- Cover art
- Developer(s): Krisalis Software
- Publisher(s): TalonSoft Global Star Software
- Engine: RenderWare
- Platform(s): Windows
- Release: NA: April 25, 2000;
- Genre(s): Business simulation game
- Mode(s): Single-player

= Airport Tycoon =

2000 video game

Airport Tycoon is a business simulation game released for Windows 95/98 in 2000. It was developed in the United Kingdom by Krisalis Software (now defunct). In Airport Tycoon, the player must successfully build and manage an airport without going bankrupt. There have been two sequels created for Airport Tycoon: Airport Tycoon 2 and Airport Tycoon 3. There was to be a Nintendo 64 version released as well, but this version was cancelled for unknown reasons.

==History==
Airport Tycoon was originally called Airport Inc. and Air Mogul. A week before the game's publishing, Krisalis Software changed its name to Airport Tycoon in some markets, a more catchy title, but the game calls itself Air Mogul because of the inadequate time to change the software, and is sold in PAL as Airport Inc. Krisalis became defunct shortly after publishing Airport Tycoon.

==Gameplay==
Similar to other games of this type, players take on the role of an airport manager. They first select a location for their airport from several cities around the world. Players then construct a terminal for their passengers, followed by runways, tarmac, control towers and support services.

The player then attracts business to their airport by signing contracts with vendors in the terminal and contracting flights into and out of the airport. Players also manage the airport's budget, which cannot operate at too much of a loss. Players can operate passenger airports and cargo airports with different considerations for each.

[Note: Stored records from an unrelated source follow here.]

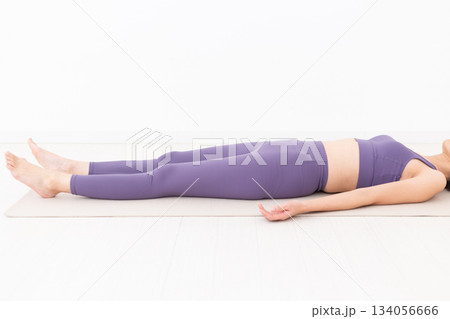 ヨガスタジオでヨガをする女性・シャバアーサナ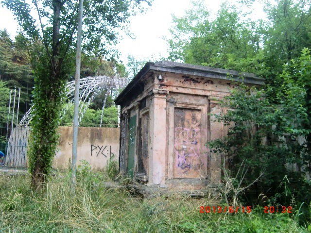 На отрезаемом участке имеются две постройки: маленький учебный корпус, который просто убит, и еще одна крошечная построечка — она тоже находится в плачевном состоянии. Предположительно, именно это строение вместе с фонтаном входит в историко-архитектурный комплекс «Вилла Вера».
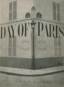 Kertész, André (1894-1985) Day of Paris. Photographs by A.Kertesz. J.J.Augustin Publisher, New York, 1945. In-8 (24,5 x 18 cm). Édition originale, dédicacée et signée par le photographe. 148 pp. Design de la jaquette par Alexis Brodovitch....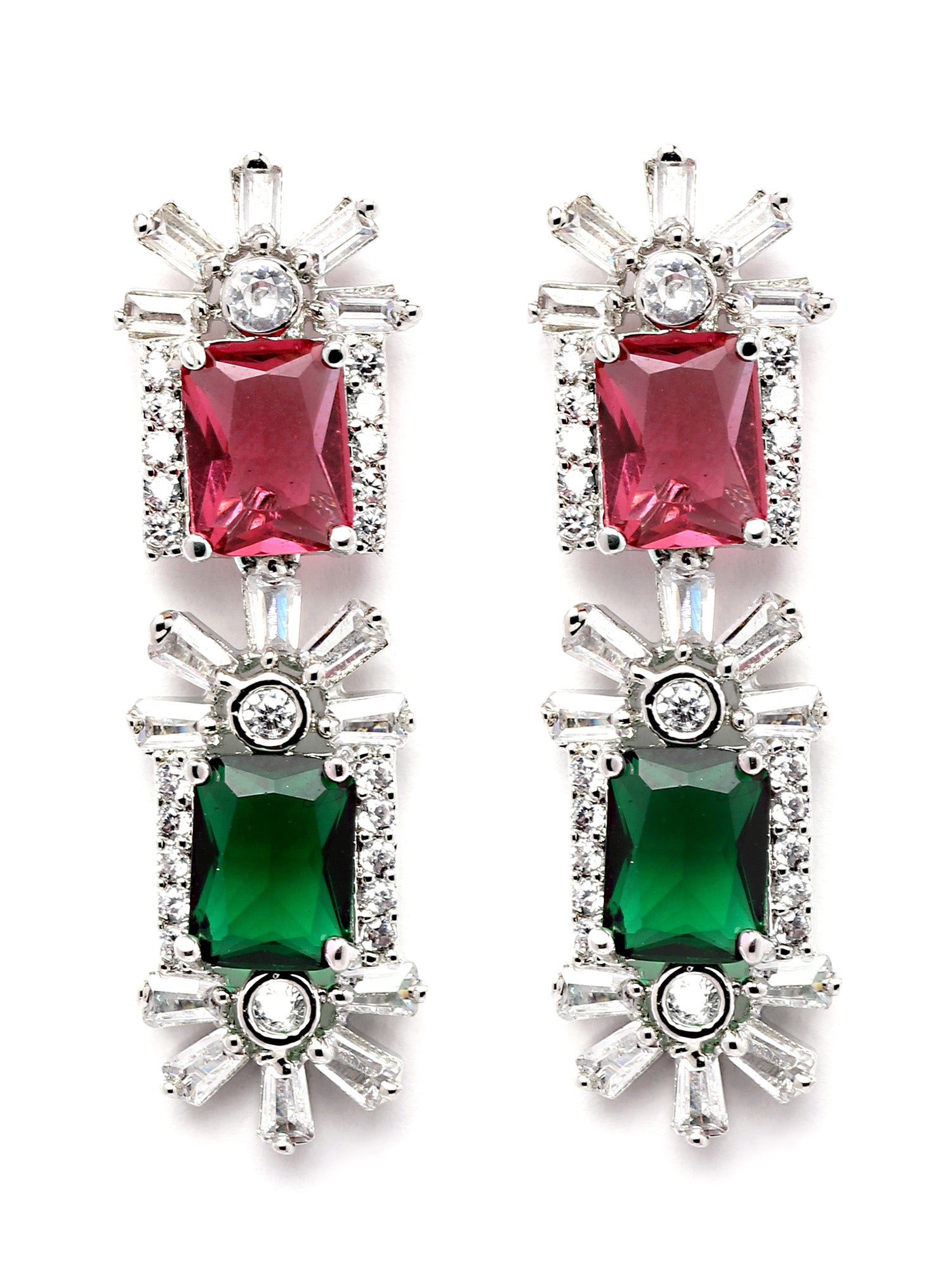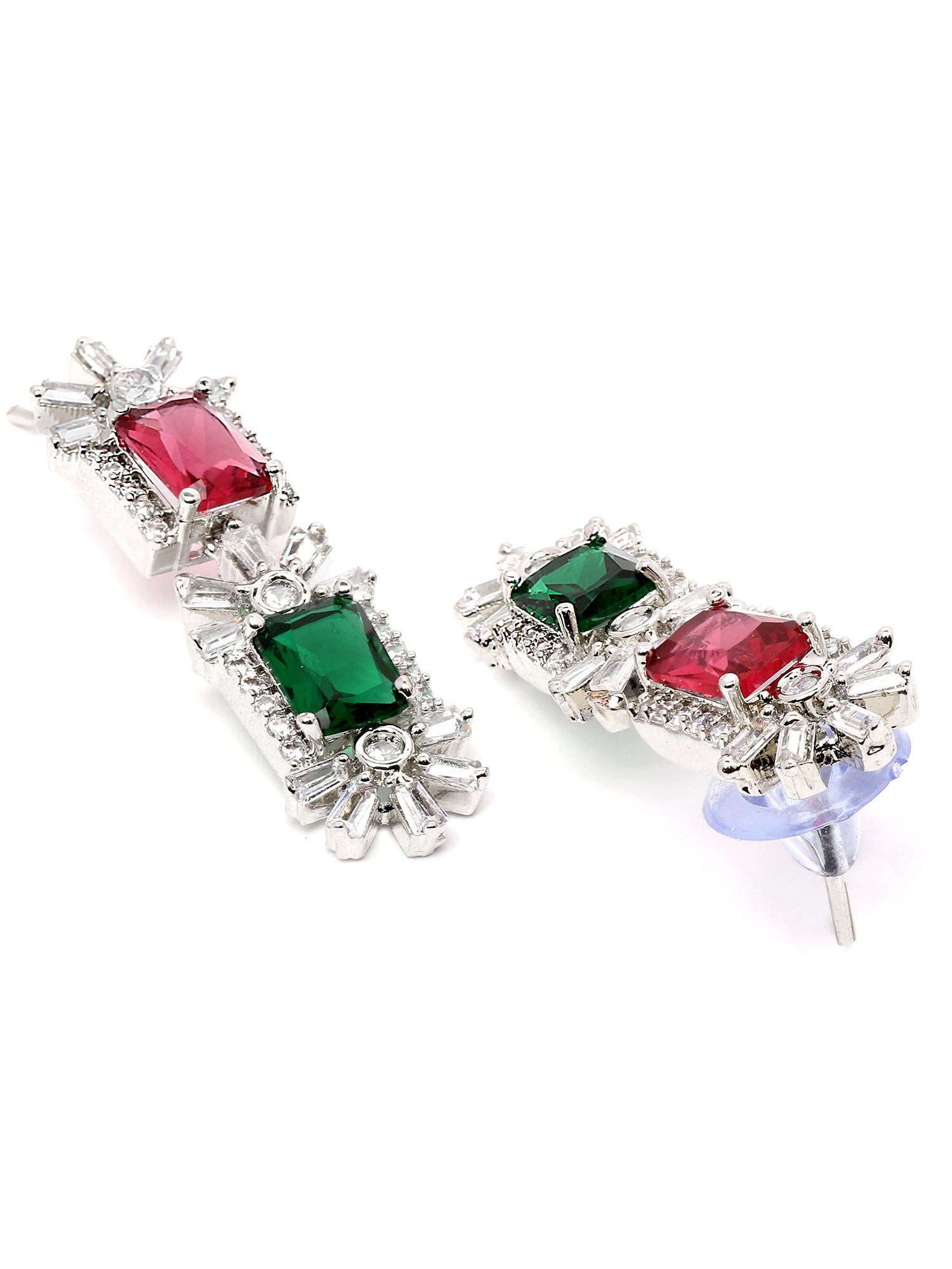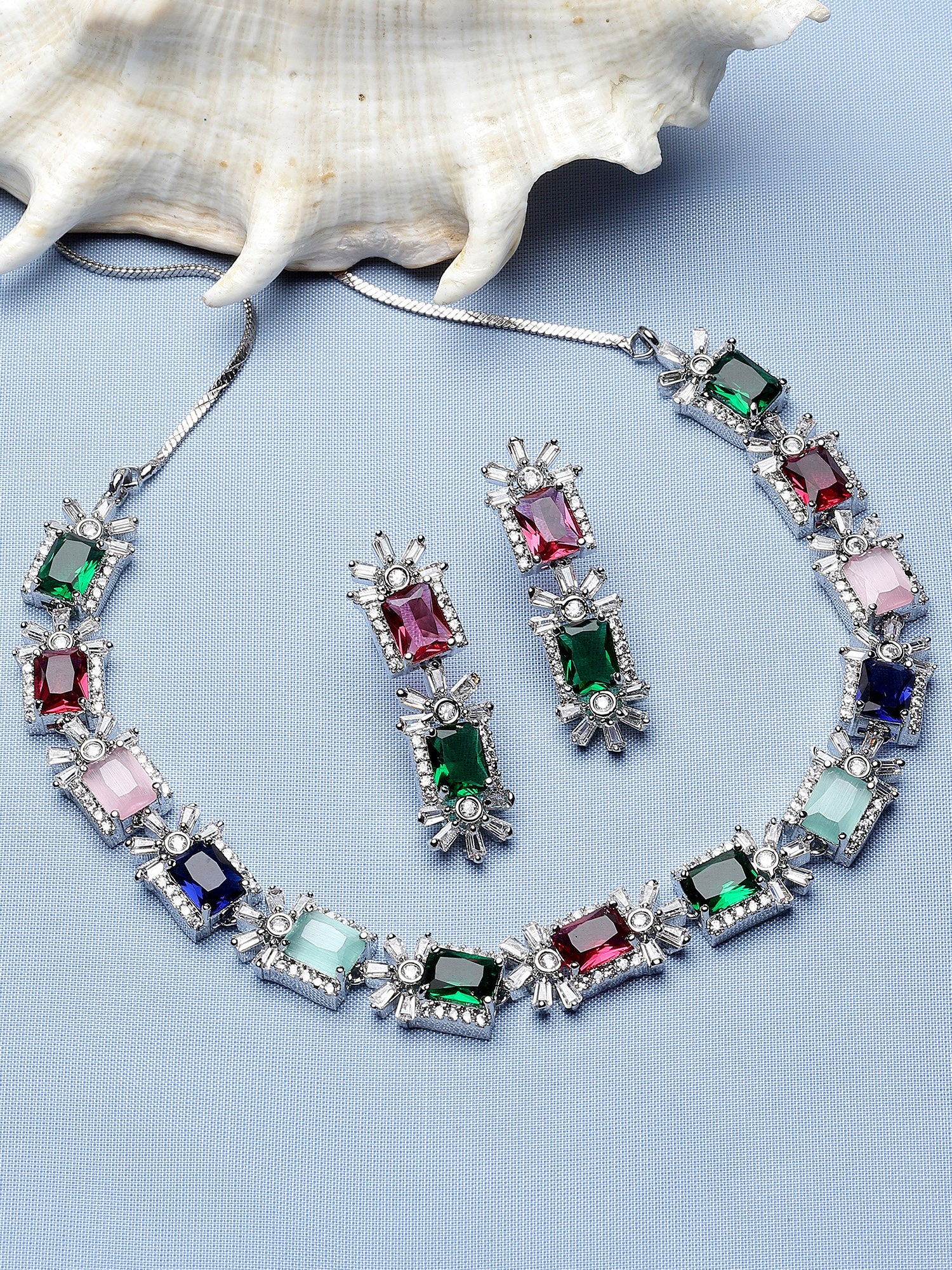 Karatcart Silver Tone Multicolor Cubic Zirconia Studded Necklace Set

A number of preset scenarios are also available to the player, including the conversion of a major cargo airport to a passenger airport in Beijing.

==Development==
Telstar secured worldwide publishing rights to the game in May 1998.

==Reception==
The game was poorly received by critics. Frequent criticisms included difficulty of gameplay, substandard graphics and confusing controls. It received a 62/100 score from PC Gamer, and 3/10 from IGN, among other rankings.

==Sequels==
Airport Tycoon was followed by a sequel, Airport Tycoon 2, in early 2003. It was developed by Sunstorm Interactive and published by Global Star Software on February 26, 2003 for Windows PC. Airport Tycoon 2 received negative reviews from critics. Aggregating review website GameRankings provides an average score of 31% based on 9 reviews, whereas Metacritic provides a score of 32 out of 100 based on 6 reviews, indicating "generally unfavorable reviews".

A third game in the series, Airport Tycoon 3, was developed by InterActive Vision and published by Global Star on October 30, 2003. Based on four professional reviews, Metacritic finds that Airport Tycoon 3 has received "generally unfavorable" reviews and establishes a metascore of 46/100. Airport Tycoon received negative reviews by IGN and GameSpot calling the game "irritating and monotonous", and the general review of the game on both the sites stated that the game was "lackluster" and "bland" not only in gameplay but in sound and texture, and its mechanics were "tedious". GameSpot said that the game was disappointing in several aspects.